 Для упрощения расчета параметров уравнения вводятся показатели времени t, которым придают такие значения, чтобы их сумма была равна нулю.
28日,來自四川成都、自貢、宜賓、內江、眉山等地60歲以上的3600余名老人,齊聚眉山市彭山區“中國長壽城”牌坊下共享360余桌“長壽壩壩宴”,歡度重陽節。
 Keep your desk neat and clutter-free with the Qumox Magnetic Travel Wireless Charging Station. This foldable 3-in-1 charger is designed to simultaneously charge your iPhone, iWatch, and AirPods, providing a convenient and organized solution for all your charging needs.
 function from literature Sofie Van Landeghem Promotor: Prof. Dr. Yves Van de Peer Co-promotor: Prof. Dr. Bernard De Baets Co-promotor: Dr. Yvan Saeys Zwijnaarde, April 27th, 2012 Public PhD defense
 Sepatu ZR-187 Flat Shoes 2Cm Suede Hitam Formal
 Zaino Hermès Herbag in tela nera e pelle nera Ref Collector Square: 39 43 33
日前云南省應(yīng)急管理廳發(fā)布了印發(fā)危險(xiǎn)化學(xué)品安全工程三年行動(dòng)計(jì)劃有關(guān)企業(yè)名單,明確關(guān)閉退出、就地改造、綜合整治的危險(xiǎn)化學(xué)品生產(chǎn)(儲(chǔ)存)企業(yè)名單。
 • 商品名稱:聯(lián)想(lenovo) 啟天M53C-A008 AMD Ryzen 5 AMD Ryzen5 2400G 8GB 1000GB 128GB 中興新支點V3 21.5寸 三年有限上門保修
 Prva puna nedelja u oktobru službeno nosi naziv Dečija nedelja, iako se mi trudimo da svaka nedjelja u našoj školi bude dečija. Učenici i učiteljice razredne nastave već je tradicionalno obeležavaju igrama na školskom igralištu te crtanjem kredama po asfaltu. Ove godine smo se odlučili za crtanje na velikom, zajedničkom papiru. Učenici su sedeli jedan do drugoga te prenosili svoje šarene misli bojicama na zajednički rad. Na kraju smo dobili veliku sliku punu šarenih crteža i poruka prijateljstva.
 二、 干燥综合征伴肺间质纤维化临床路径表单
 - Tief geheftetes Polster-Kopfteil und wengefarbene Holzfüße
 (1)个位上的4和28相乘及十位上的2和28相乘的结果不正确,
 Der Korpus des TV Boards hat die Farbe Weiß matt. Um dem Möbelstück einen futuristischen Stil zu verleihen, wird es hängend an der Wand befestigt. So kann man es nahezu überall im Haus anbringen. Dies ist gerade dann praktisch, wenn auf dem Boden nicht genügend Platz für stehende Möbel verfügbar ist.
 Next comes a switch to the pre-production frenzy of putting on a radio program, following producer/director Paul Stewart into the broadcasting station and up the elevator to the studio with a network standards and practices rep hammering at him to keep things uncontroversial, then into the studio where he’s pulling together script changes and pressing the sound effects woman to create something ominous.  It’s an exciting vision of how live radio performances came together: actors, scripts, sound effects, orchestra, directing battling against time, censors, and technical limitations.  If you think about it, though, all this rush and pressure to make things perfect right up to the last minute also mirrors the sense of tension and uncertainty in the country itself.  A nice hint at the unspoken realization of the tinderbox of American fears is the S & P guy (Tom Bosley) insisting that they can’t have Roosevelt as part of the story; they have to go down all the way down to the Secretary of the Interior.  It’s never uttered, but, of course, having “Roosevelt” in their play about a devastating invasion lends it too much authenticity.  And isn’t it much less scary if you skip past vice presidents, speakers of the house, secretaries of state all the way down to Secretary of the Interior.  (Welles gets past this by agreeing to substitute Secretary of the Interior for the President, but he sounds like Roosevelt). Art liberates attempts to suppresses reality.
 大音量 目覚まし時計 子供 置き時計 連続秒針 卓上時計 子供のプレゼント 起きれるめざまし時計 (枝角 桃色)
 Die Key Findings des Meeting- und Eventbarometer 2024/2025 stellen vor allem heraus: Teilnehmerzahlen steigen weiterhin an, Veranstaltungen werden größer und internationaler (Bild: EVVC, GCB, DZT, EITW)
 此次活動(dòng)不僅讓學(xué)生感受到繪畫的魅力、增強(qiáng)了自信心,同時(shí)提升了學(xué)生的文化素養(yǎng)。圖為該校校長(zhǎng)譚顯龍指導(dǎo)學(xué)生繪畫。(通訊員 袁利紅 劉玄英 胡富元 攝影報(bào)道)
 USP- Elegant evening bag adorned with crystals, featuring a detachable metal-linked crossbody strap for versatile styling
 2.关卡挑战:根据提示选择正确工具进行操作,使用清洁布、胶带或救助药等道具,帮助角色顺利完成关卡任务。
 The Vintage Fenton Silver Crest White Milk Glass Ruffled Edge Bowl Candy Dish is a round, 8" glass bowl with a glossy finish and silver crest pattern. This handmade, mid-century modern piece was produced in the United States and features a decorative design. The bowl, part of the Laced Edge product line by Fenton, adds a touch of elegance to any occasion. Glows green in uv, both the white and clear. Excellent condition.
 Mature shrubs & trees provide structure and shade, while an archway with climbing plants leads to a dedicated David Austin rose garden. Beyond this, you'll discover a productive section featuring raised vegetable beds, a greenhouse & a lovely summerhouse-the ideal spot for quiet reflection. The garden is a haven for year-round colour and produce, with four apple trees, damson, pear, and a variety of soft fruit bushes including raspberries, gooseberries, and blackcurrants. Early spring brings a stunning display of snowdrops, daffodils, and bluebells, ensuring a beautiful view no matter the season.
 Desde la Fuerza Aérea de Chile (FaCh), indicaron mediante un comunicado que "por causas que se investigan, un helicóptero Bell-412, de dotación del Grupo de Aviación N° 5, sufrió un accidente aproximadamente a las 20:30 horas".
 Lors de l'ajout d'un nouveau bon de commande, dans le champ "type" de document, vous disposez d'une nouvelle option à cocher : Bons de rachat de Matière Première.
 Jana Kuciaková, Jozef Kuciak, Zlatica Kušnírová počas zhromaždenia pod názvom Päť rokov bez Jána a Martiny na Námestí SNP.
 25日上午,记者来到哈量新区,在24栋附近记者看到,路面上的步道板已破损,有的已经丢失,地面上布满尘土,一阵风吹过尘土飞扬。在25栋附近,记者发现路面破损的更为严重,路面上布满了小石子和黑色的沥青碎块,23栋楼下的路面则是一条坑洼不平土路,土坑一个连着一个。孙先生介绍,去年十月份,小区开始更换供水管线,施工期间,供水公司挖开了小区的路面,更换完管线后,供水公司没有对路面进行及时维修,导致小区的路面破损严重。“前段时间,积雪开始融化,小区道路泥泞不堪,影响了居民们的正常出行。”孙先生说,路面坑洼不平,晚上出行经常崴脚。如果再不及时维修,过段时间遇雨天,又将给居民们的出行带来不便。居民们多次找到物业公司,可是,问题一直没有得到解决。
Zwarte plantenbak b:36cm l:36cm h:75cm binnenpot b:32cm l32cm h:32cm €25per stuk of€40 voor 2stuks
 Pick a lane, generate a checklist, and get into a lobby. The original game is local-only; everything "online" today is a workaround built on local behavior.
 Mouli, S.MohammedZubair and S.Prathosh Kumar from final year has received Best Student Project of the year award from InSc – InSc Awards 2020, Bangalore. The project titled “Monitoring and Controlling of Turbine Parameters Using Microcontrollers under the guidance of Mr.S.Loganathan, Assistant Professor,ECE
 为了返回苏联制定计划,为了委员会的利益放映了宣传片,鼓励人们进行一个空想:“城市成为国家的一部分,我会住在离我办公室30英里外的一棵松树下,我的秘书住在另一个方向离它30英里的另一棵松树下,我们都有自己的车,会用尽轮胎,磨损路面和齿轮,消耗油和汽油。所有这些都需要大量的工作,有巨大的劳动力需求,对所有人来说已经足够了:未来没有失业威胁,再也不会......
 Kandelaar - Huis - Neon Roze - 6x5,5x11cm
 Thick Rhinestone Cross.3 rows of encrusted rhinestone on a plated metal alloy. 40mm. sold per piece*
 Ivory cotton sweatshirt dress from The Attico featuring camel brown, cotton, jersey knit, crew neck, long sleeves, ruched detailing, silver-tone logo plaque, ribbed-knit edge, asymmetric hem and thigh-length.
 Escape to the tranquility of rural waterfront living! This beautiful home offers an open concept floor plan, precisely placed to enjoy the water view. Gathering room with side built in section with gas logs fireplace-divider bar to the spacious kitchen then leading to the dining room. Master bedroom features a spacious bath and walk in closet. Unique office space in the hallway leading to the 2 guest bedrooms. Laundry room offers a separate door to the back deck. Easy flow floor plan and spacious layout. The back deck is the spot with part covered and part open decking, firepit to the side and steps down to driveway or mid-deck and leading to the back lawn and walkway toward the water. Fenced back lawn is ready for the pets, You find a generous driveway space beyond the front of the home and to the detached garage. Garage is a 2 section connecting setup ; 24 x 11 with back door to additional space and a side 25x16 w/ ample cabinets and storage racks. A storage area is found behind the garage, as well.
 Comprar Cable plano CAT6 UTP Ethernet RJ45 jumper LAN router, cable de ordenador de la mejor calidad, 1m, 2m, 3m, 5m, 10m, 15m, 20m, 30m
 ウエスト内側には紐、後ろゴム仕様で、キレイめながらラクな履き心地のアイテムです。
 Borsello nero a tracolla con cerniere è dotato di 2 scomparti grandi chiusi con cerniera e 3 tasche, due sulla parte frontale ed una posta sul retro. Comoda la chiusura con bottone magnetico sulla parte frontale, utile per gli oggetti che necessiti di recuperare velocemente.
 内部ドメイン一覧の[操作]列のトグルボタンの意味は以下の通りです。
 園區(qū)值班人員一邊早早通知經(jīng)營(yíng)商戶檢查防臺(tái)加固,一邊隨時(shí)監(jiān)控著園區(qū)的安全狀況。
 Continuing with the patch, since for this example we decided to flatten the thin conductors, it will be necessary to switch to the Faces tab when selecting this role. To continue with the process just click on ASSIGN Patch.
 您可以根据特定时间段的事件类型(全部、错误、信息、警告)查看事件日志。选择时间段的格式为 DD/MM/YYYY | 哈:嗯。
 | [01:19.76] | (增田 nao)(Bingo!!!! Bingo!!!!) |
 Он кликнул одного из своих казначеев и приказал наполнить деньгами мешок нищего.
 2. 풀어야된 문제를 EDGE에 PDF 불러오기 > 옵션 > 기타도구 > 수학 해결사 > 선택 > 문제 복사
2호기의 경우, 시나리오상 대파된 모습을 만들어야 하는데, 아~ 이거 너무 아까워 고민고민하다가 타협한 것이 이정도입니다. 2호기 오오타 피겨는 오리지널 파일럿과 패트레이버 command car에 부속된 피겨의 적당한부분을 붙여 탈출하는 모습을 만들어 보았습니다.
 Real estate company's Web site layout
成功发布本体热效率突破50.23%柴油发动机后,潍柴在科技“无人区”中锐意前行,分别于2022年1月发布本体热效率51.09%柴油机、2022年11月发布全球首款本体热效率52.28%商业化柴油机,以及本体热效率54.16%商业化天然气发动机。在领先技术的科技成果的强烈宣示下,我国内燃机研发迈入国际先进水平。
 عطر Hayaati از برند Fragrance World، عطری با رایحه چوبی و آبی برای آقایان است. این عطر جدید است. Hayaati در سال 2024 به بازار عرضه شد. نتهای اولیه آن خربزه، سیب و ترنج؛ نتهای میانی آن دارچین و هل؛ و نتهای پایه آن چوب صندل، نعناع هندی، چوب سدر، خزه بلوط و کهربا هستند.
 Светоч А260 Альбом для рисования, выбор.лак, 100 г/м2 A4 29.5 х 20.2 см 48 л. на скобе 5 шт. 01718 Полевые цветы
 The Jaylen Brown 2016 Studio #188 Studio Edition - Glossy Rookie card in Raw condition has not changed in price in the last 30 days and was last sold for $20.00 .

________________________

### THE PROBLEM
The result should be every line that contains "featuring", copied from the entries.

### SOLUTION TO THIS EXERCISE
 USP- Elegant evening bag adorned with crystals, featuring a detachable metal-linked crossbody strap for versatile styling
 Mature shrubs & trees provide structure and shade, while an archway with climbing plants leads to a dedicated David Austin rose garden. Beyond this, you'll discover a productive section featuring raised vegetable beds, a greenhouse & a lovely summerhouse-the ideal spot for quiet reflection. The garden is a haven for year-round colour and produce, with four apple trees, damson, pear, and a variety of soft fruit bushes including raspberries, gooseberries, and blackcurrants. Early spring brings a stunning display of snowdrops, daffodils, and bluebells, ensuring a beautiful view no matter the season.
 Ivory cotton sweatshirt dress from The Attico featuring camel brown, cotton, jersey knit, crew neck, long sleeves, ruched detailing, silver-tone logo plaque, ribbed-knit edge, asymmetric hem and thigh-length.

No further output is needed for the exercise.